Oprah’s Former Fashion Designer Sentenced 39 Years For Murder

Posted By Urban News Hour | March 7, 2013

An award-winning fashion designer for Oprah Winfrey, Lena Horne and Will Smith has been sentenced to 39 years in prison for the murder of his boyfriend in their Lakeview apartment last year.

Herbert Van Stephens, 53, was convicted of first-degree murder in January for the fatal stabbing of John E. Atkinson, 24, in the 600 block of West Stratford Place on March 5, 2012. He was sentenced Wednesday by Judge Vincent Gaughan.

Prosecutors said Van Stephens and Atkinson, his boyfriend, became involved in a verbal argument that quickly escalated. When Van Stephens picked up a knife and stabbed Atkinson repeatedly.

A Witnesses overheard the brawl and called police. Paramedics found Atkinson lying on the ground, bloody, and Van Stephens on his cell phone calling a relative, court records show.

Prosecutors said. A bloody knife with a six-inch blade was found at the scene.

Atkinson was stabbed multiple times in the chest, which pierced his heart and lungs, and stabbed an additional times to the abdomen, court records show.
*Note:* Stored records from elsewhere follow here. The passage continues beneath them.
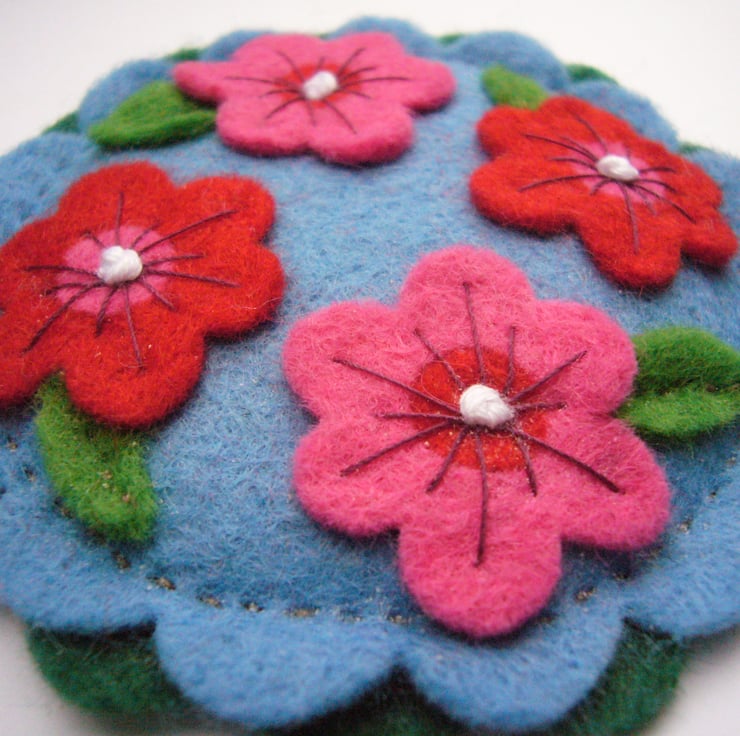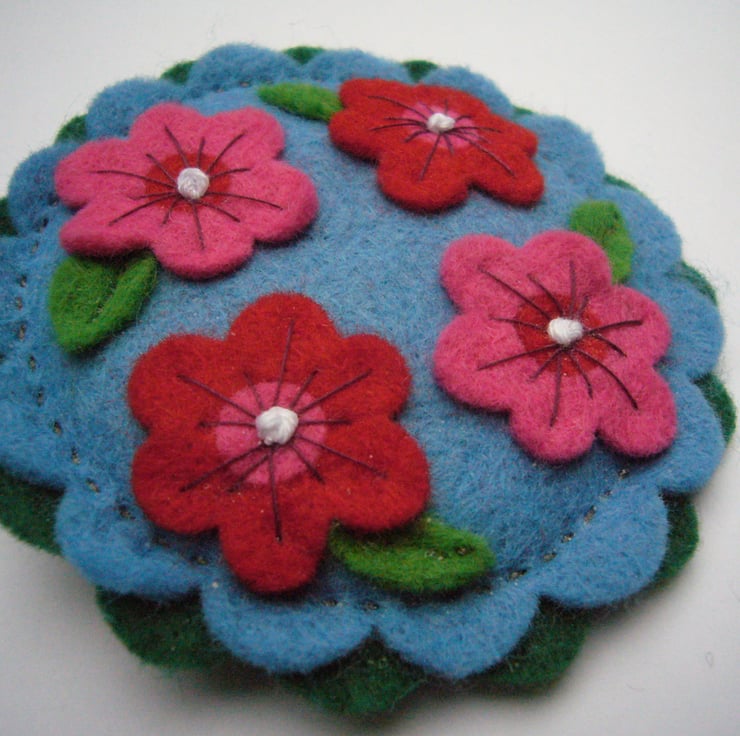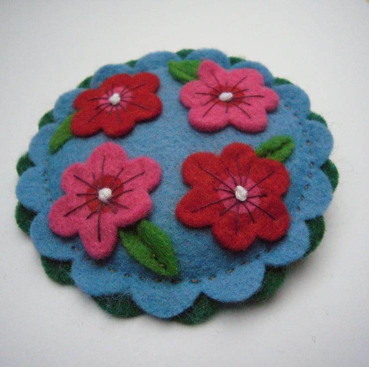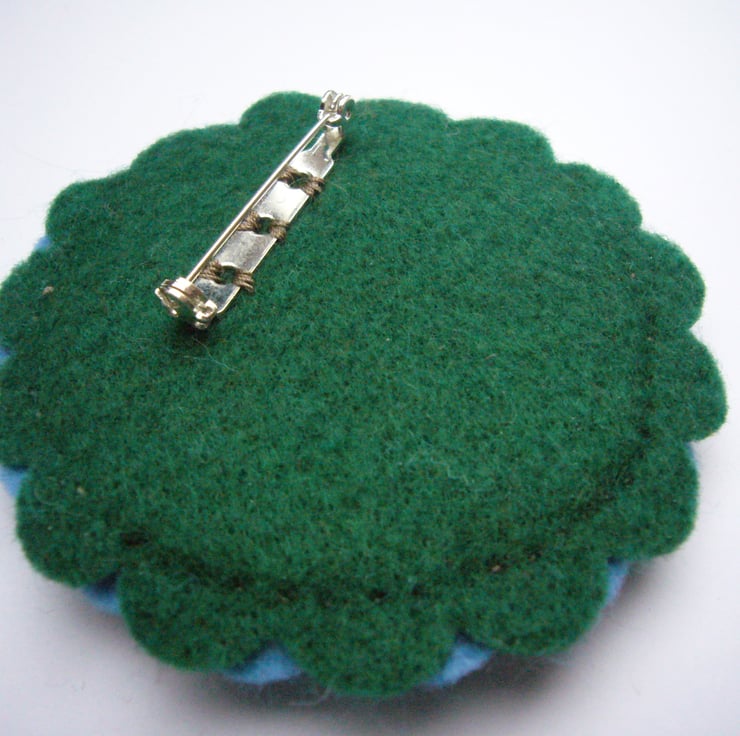 The flowers are sewn onto a 70mm blue felt background which is stitched to a dark green backing piece - this has the 25mm brooch pin securely stitched to it. Inbetween the layers is a little wadding and a circle of cardboard to stiffen.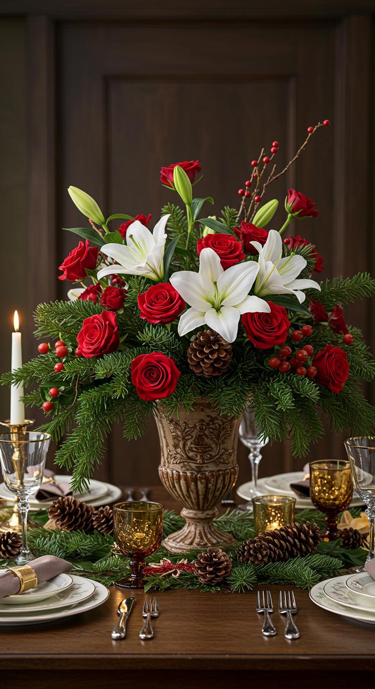 Creating a charming centerpiece can transform your holiday table. Choose a variety of flowers and greens for interest. Start with focus flowers, such as red roses, surrounded by smaller blooms like white lisianthus. Tuck in some evergreens and a few pinecones for texture. Remember to choose a vase that complements your table setting. Budget-friendly options are everywhere; don’t hesitate to explore thrift shops for unique pieces. This DIY project allows you to express your holiday spirit and impress your guests simultaneously.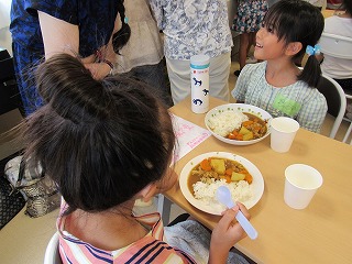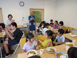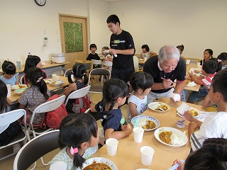 出来あがった甘くて美味しいカレーライスをたくさんいただきました。子供たちはすこぶる健康で行儀よく並んでおかわりをしたり、おしゃべりをしながら元気いっぱいだ。たのもしいな~。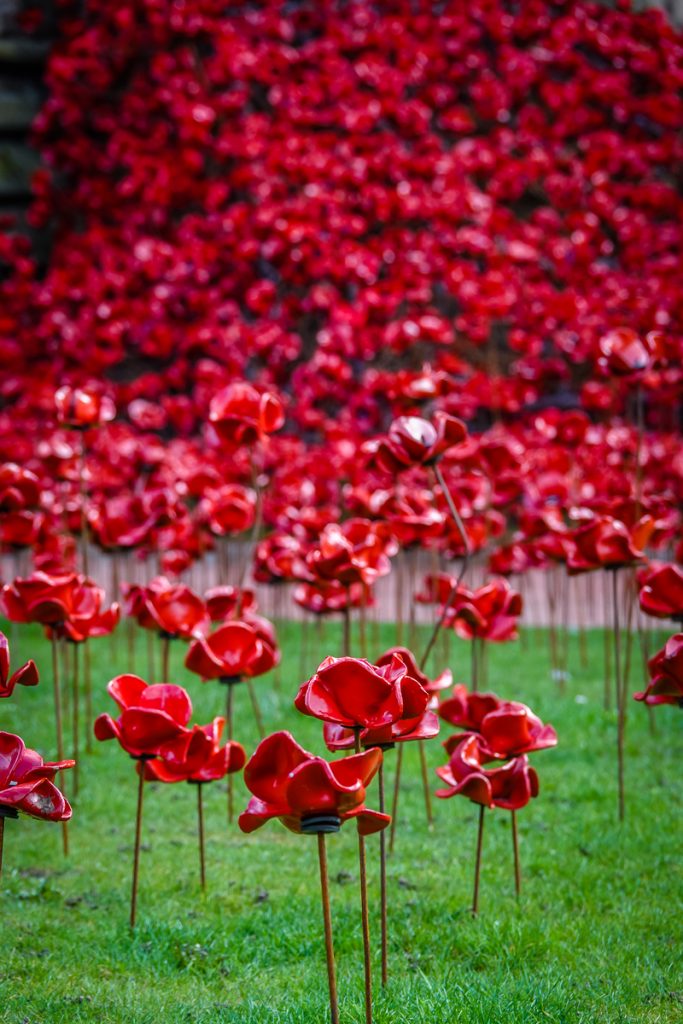 The poppies were installed by volunteers, each at a rate of about 500 per day.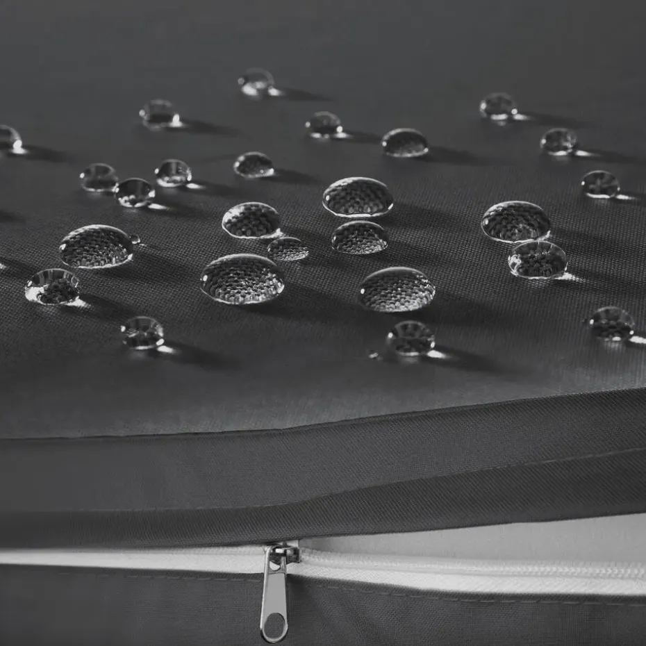 Om de onderhoudsvriendelijke set veilig op te bergen, schuif je de afzonderlijke elementen bij elkaar en trek je de meegeleverde hoes eroverheen. Zo bescherm je de meubels na gebruik op het terras tegen vuil van bladeren, dieren en andere invloeden, en bewaar je ze in de garage of kelder tijdens de winter tegen stof.

He also suffered multiple defensive wounds to both hands, both forearms and was stabbed in the leg, face, neck and back of both arms.

Atkinson was taken to Advocate Illinois Masonic Hospital, where he was pronounced dead.

An autopsy found he had been stabbed more than 50 times, including 30 times in the chest — piercing Atkinson’s heart and lungs —  10 times in the abdomen and wounds to his back, legs and face, prosecutors said.

Van Stephens was also injured in the attack. His public defender, Ruth McBeth, argued during the trial that he was acting in self-defense.

Acquaintances of the ill-fated couple whispered about prior abuse, steroid use and infidelity, and even patrons at the gym Van Stevens belonged to claimed he bullied anyone who dared change his preferred radio station.

In a 2002 Chicago Tribune interview, Van Stephens was noted for having clothed Winfrey, Horne and Smith. At the time, he was one of six local designers who won a competition to have their items displayed and sold at the former Marshall Fields.